IsrR is abundant when there is a sufficient iron concentration. IsrR is encoded for within the opposite stand of isiA gene and contains a conserved stem loop secondary structure. Under sufficient iron conditions IsrR binds to its complementary region which corresponds to the central third of the isiA mRNA. The resulting duplex RNA is then targeted for degradation. This allows the antisense RNA to act as a reversible switch that responds to changes in environmental conditions to modulate the expression of the isiA protein.

IsrR was originally identified within cyanobacteria but may be conserved throughout a number of photosynthetic species from multiple kingdoms. At present, IsrR is the only non coding RNA identified that has a regulatory role on photosynthetic proteins.

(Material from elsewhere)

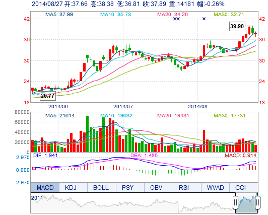 | 今 開: | 37.66 | 成交量: | 1.42萬手 | 振 幅: | 4.13% |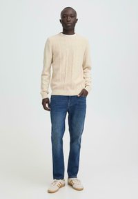 Άνδρας που φοράει σκούρο μπλε τζιν κανονικής εφαρμογής και λευκά αθλητικά παπούτσια με μπεζ ρίγες, στέκεται μπροστά σε ένα απλό φωτεινό φόντο.

Recently the bacteria Staphylococcus aureus is one of the leading contribution to diseases. The importance is to understand it survival in stressful condition in the host. One of the stresses includes low iron that causes the bacteria to experience metabolic stress. IsrR helps by stopping the expression of iron-dependent enzymes to sustain the in limited iron environment. To explain, a study demonstrates IsrR role by targeting mRNAs for the processes of aerobic respiration, oxidative stress response and hem synthesis that proves the impact IsrR has on the metabolism of the bacteria.Following it was also presented that IsrR functions as a negative regulator dependent on the ferric uptake regulator (Fur). It was demonstrated that by removing IsrR increased the growth of the AcnA activity.The ability to bind to AcnA in the ribsome binding site stops translation. Which proceeding by the mechnism causes IsrR to regulate many enzyme in the TCA cycle. The tricarboxylic acid (TCA) cycle by repressing aconitase an enzyme in the cycle and the transcriptional regulator that forms a regulatory loop that limits iron used during stress.